Your task: Using only the entries below, copy exactly the lines that begin at the one with "重复这两个词的内在含义,就是" and end at the one with "이제 secrets Manager에", both included. Drop the pictures.

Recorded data
#####

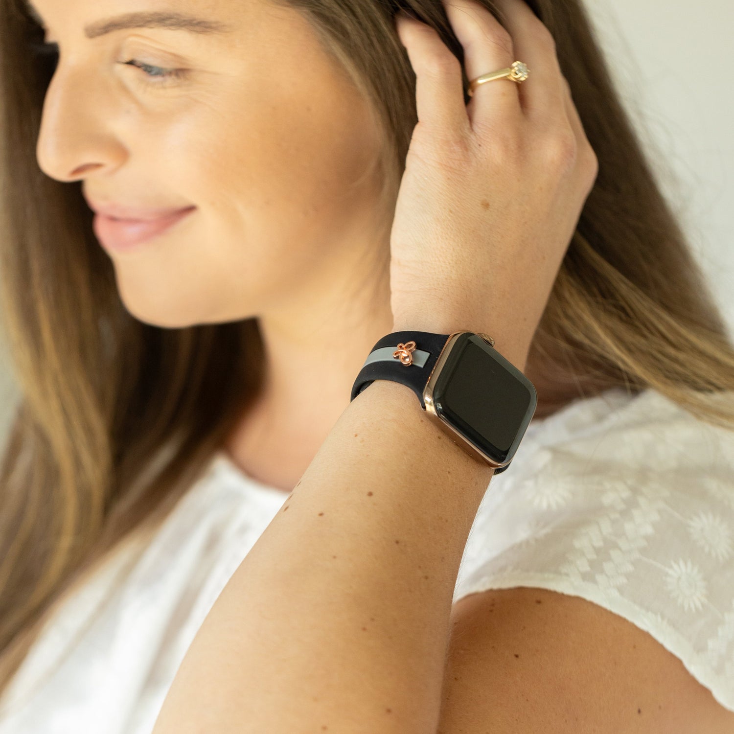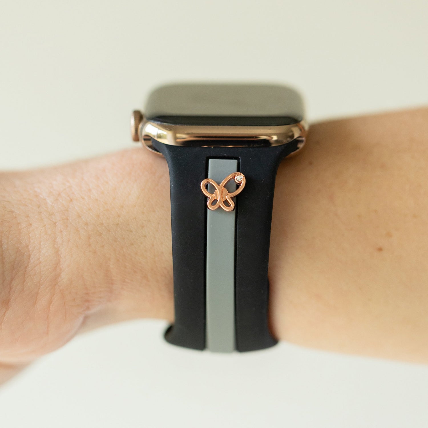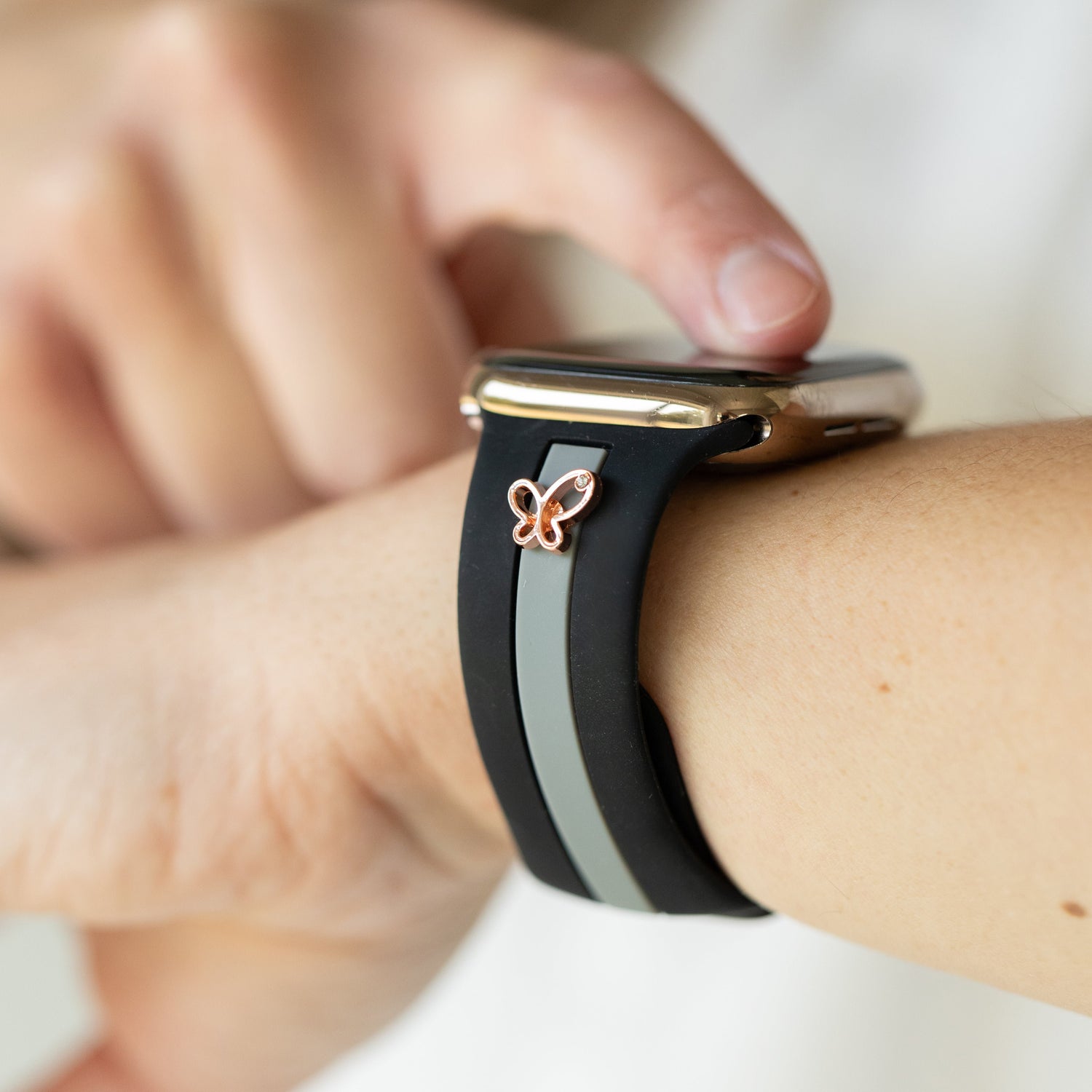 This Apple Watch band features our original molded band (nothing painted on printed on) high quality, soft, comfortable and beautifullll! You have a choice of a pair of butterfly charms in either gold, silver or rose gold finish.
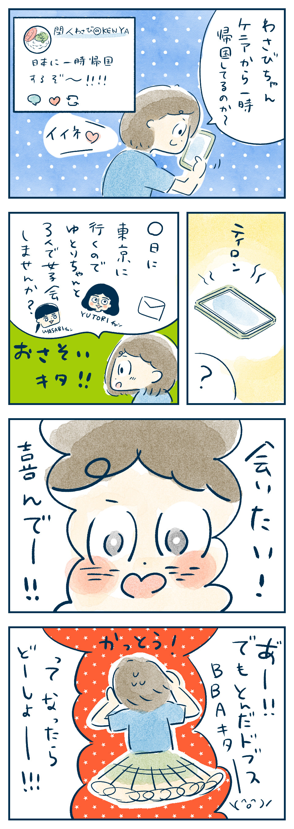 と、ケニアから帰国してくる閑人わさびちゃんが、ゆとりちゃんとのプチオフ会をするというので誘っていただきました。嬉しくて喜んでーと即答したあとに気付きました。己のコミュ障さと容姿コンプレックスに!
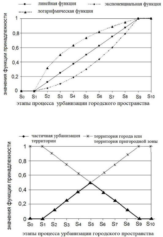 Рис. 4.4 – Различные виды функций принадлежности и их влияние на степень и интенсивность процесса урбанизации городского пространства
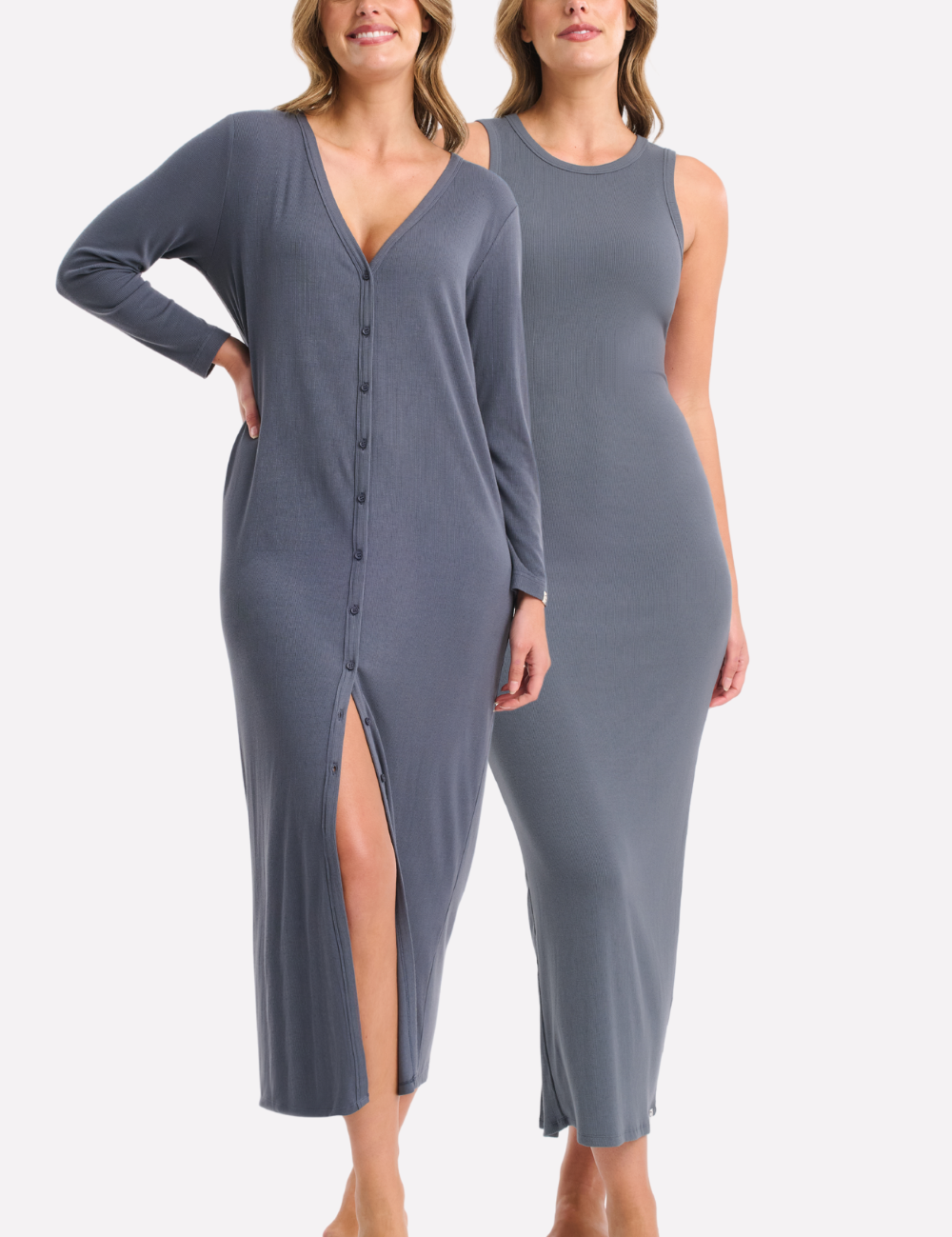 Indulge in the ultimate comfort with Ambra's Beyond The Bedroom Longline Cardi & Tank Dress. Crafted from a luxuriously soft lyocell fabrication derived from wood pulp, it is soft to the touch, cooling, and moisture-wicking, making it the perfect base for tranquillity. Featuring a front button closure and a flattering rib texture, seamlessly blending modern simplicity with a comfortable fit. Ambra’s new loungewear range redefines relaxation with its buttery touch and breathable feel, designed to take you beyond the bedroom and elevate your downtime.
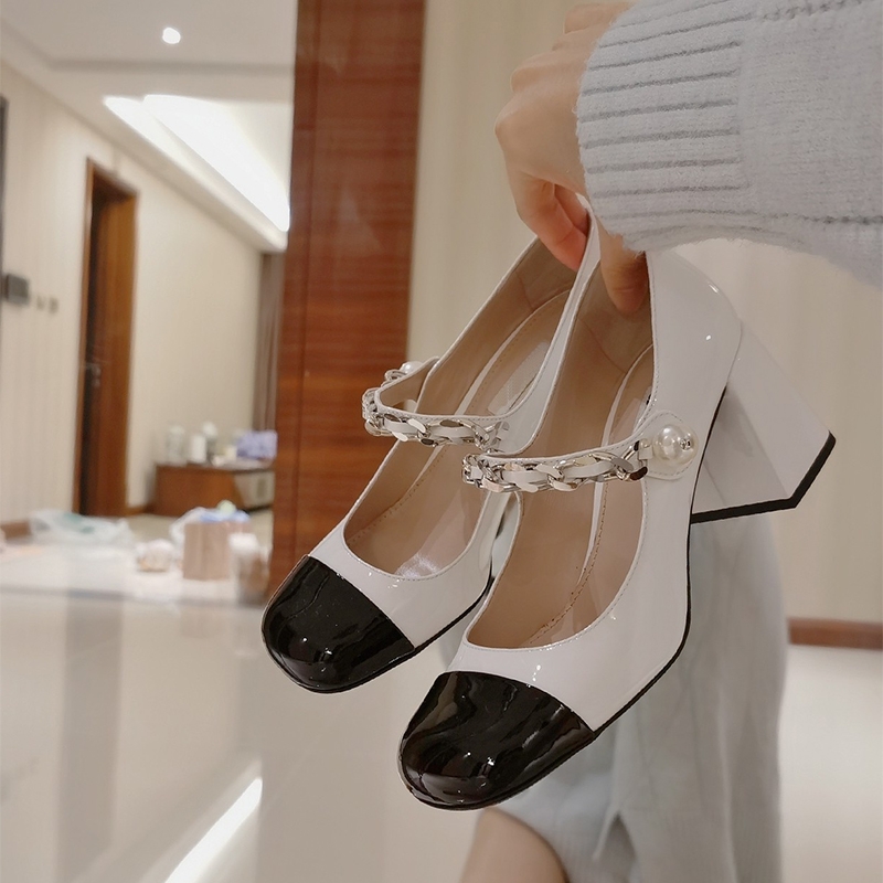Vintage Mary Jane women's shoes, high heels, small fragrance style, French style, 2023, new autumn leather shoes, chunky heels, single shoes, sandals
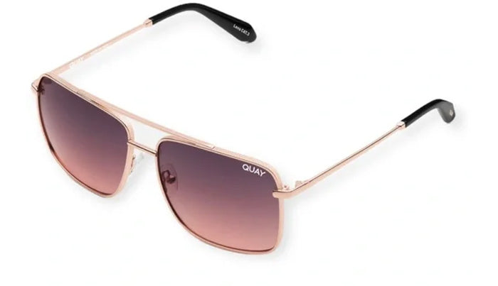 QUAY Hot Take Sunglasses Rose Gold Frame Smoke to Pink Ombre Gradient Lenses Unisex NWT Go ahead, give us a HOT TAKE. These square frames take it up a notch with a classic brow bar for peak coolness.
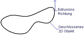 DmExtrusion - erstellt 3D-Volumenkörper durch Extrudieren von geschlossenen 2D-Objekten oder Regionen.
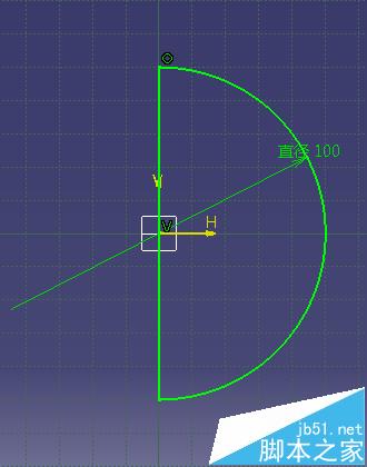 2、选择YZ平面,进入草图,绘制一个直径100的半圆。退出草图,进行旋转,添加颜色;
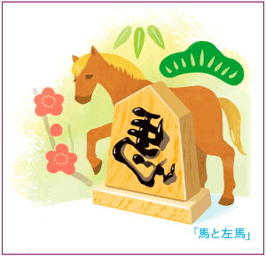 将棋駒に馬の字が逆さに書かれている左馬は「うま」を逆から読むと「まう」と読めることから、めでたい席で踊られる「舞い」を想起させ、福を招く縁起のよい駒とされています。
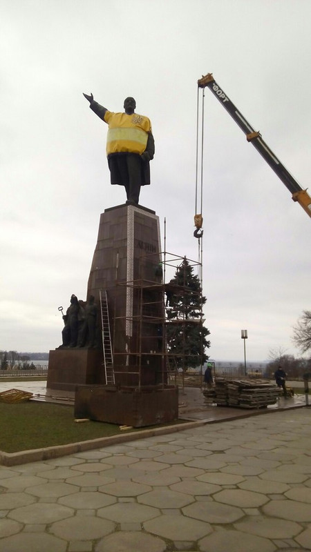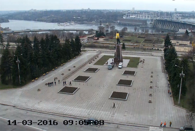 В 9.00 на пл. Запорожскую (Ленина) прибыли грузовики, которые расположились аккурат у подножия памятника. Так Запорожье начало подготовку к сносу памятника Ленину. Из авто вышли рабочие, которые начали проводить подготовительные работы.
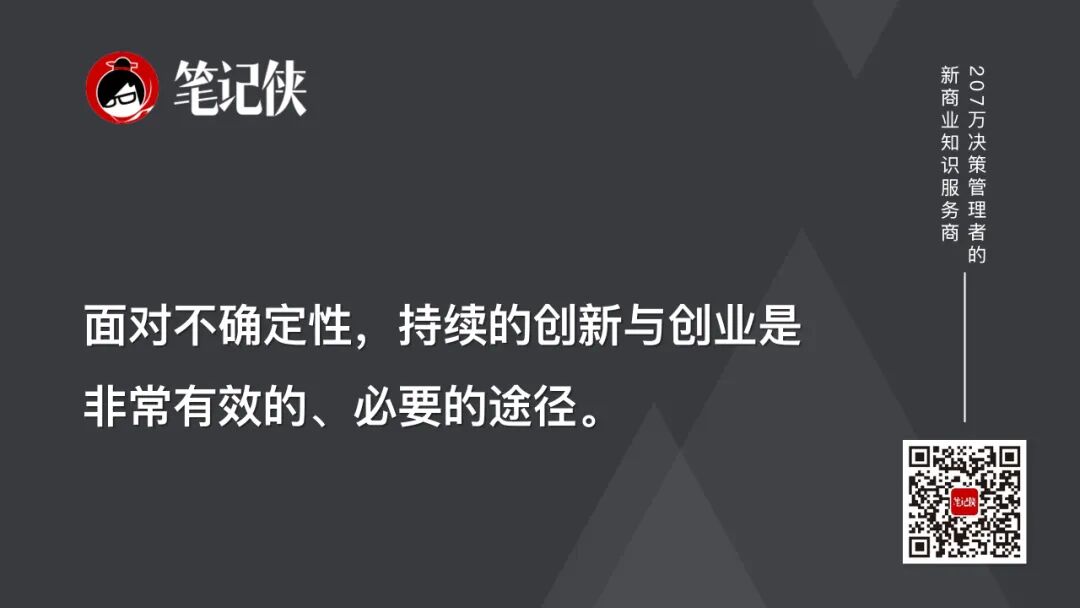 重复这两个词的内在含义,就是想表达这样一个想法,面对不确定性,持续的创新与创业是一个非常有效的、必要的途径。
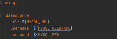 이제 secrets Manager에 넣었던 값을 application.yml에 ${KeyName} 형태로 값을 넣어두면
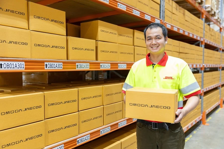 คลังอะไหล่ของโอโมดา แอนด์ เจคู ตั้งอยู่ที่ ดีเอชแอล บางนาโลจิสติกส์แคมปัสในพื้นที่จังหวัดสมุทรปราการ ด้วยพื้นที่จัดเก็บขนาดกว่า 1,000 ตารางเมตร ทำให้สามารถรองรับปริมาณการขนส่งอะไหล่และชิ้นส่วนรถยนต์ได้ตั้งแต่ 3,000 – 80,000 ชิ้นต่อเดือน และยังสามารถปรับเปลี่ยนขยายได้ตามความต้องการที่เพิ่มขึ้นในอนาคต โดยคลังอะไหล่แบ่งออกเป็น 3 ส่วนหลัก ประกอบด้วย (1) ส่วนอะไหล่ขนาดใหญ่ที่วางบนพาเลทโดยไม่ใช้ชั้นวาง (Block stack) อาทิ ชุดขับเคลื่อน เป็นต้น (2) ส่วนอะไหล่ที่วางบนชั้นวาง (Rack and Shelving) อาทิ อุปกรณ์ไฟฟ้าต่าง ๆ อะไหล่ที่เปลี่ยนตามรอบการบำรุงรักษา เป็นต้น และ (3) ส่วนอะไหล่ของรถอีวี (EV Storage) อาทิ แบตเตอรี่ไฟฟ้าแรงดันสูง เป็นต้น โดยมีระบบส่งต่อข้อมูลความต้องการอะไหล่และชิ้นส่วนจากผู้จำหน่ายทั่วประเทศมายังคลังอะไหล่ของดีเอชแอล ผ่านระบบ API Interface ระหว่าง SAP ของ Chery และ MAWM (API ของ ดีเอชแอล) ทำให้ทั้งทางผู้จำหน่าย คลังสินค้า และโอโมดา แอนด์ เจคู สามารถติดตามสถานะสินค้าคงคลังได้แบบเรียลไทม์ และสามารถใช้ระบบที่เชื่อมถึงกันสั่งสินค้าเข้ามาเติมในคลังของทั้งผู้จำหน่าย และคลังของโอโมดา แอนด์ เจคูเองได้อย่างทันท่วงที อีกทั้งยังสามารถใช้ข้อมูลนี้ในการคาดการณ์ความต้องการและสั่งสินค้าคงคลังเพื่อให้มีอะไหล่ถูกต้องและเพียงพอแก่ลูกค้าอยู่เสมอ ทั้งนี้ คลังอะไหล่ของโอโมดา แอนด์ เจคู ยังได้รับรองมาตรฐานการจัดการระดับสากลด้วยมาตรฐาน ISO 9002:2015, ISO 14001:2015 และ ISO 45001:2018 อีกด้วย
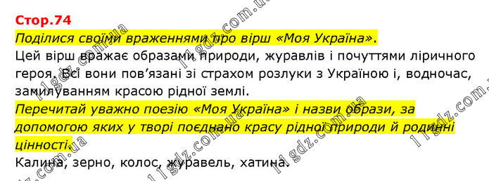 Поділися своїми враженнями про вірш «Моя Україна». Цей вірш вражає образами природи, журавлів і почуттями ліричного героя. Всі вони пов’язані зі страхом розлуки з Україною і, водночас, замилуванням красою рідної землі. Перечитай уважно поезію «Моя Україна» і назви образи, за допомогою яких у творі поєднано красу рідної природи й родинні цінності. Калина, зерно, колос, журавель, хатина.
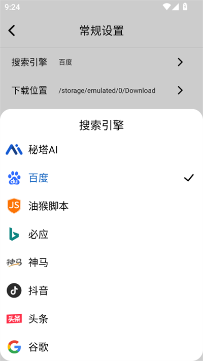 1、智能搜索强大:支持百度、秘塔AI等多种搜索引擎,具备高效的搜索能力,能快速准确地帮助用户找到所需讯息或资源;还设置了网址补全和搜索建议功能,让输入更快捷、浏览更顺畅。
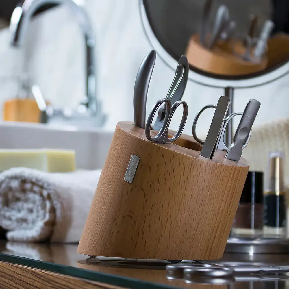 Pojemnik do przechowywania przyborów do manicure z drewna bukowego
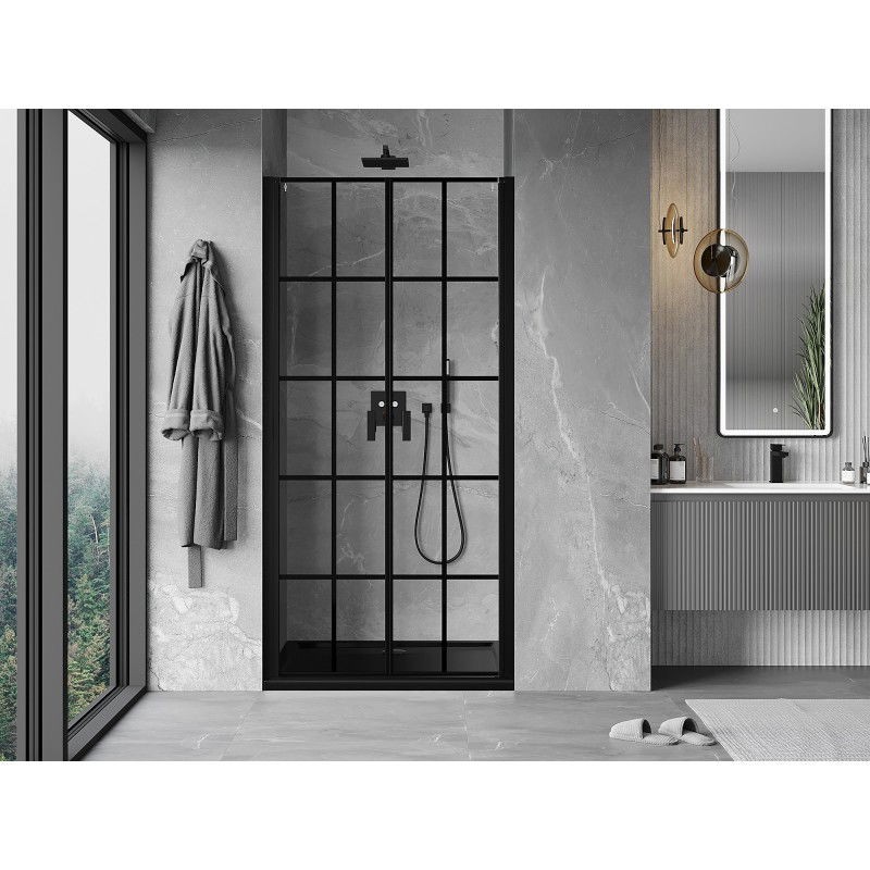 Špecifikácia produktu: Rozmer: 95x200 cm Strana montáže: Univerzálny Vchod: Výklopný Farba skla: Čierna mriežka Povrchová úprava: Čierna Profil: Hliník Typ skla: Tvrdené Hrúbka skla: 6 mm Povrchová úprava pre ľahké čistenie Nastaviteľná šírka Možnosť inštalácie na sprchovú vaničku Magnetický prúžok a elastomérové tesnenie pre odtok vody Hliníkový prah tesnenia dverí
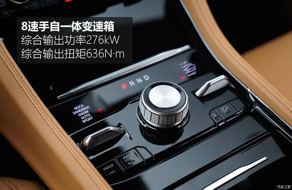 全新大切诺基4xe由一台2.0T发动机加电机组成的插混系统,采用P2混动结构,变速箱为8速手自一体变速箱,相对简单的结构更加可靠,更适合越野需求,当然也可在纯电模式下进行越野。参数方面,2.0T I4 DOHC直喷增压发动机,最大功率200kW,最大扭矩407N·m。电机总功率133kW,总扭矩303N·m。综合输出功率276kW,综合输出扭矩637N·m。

#####

Response to this exercise:
 重复这两个词的内在含义,就是想表达这样一个想法,面对不确定性,持续的创新与创业是一个非常有效的、必要的途径。
 이제 secrets Manager에 넣었던 값을 application.yml에 ${KeyName} 형태로 값을 넣어두면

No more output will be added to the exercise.